Monthly Archives: August 2015

Right to attorney, but cop can stand in the same room as you speak to the attorney

Miranda v. Arizona established that officers must advise a person who is arrested that they have a right to an attorney. And the 6th Amendment of the US Constitution establishes a person’s right to an attorney once criminal charges are brought against a person. But there is also a Washington state court rule, CrRLJ 3.1 and CrR 3.1, that also provide for a right to an attorney “at the earliest opportunity” after a person has been taken into custody.
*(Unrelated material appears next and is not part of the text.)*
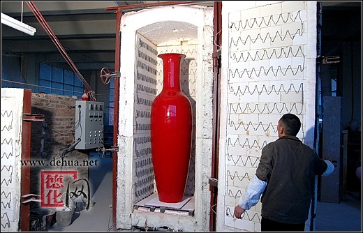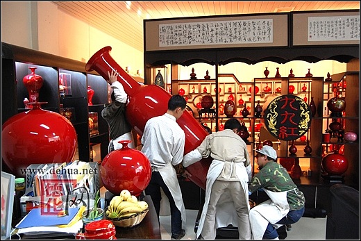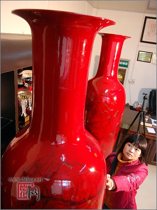 熟悉陶瓷的人都知道,尺寸高大的紅釉瓷器一直是陶瓷的一個燒制難題,經(jīng)過德化縣陶瓷工藝創(chuàng)作人員多年來的攻堅克難,高溫紅釉瓷高度也由幾十公分突破到一米多,再到如今的2米多,每次的突破都是一個大跨越。

In the DUI context, this right to an attorney is provided after the person is arrested and is taken to the police station for the BAC test. Typically, an officer will read the Implied Consent Warning to the person, and then ask them if they would like speak to an attorney prior to deciding whether to submit to the breath test (BAC test). If the person requests an attorney, the officer has a duty to make reasonable efforts to put the person in touch with an attorney, via telephone, regardless of what time of the day it is. Each jurisdiction has on call public defenders available to speak to individuals in this situation throughout the night. Most officers will call the attorney, hand the attorney to the person, and step out of the room to afford the person privacy.
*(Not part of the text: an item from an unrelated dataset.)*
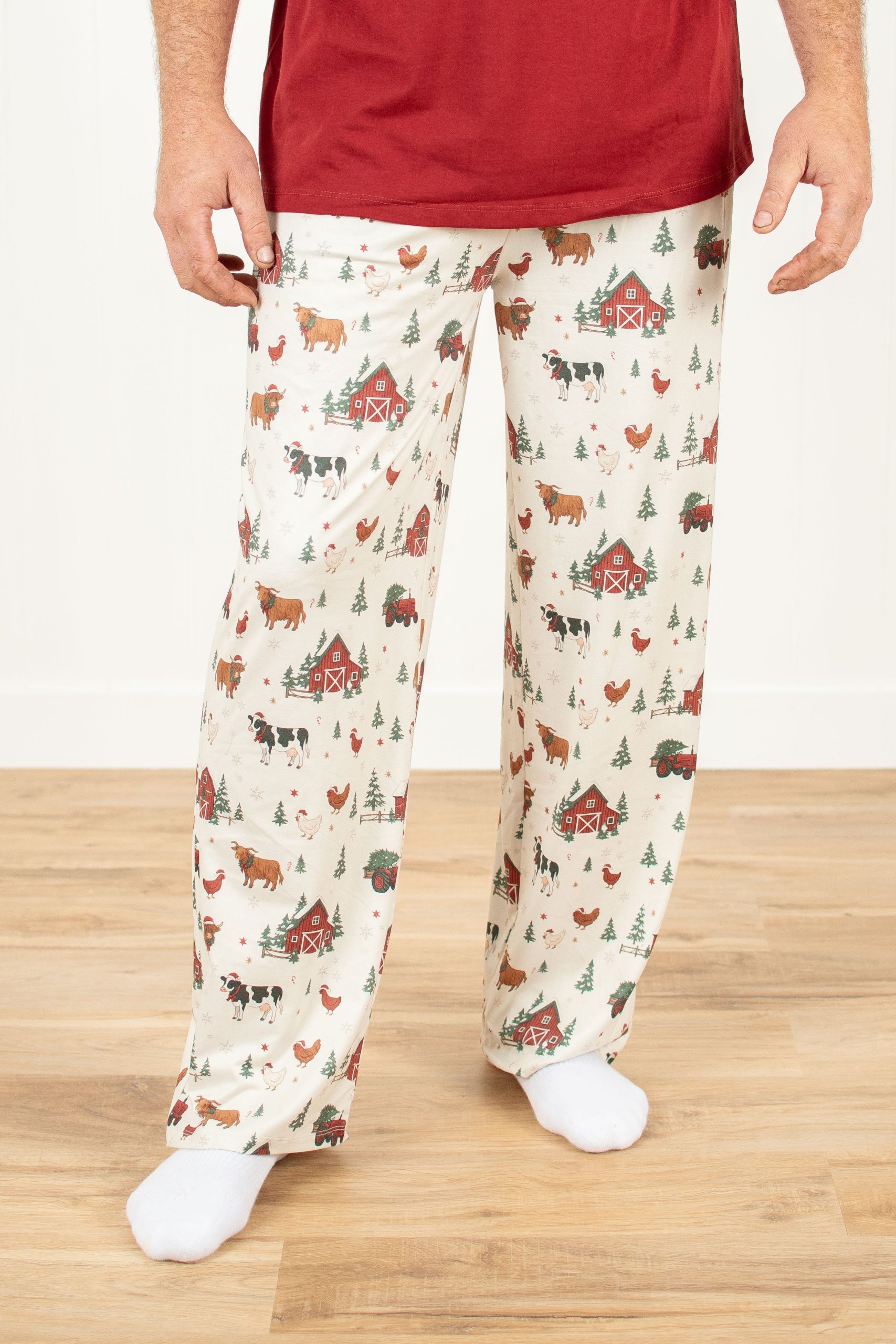Get cozy this holiday season with our Christmas Barns & Animals Adult Pajama Pants. Made from buttery soft. lightweight poly-lycra fabric. these pants offer comfort without the bulk. Adorned with festive barns and adorable animals. they’re perfect for matching the whole family in Christmas cheer. Whether you’re lounging by the fire or wrapping gifts. these pajamas bring playful holiday spirit to every moment.

In the recent Washington Supreme Court case, State v. Federov, the officer put Federov in touch with an attorney, but the officer did not leave the room and instead stood on the other side of the room, out of earshot, but still in the same room as Federov and the attorney. The attorney was concerned the officer could hear something incriminating so the attorney instructed Federov to answer with only yes or no to the questions. Federov challenged this lack of privacy and asked the court to suppress his BAC test and dismiss the case. The court disagreed and ruled that the “right to private consultation with counsel is to be weighed against legitimate safety and practical concerns.” The court stated under these facts, the officer had “afforded Fedorov sufficient privacy.”
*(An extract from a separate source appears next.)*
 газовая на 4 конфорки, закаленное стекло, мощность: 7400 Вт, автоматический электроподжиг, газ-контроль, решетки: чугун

Again, in most DUI arrests, the officers are kind enough to step out of the room and give the person complete privacy to speak to the attorney. I am not sure why the Supreme Court declined to establish a bright line rule making complete privacy a requirement, because it would not be difficult for law enforcement to comply with this rule. If safety is a concern, some officers handcuff the person and allow the person to speak to the attorney, in private, while still handcuffed. Ultimately, this decision allows the officer to stand in the room while the person is speaking to their attorney, so long as the officer is “out of earshot.” The real question is whether law enforcement will now use this decision to the peril of the person they are arresting for DUI.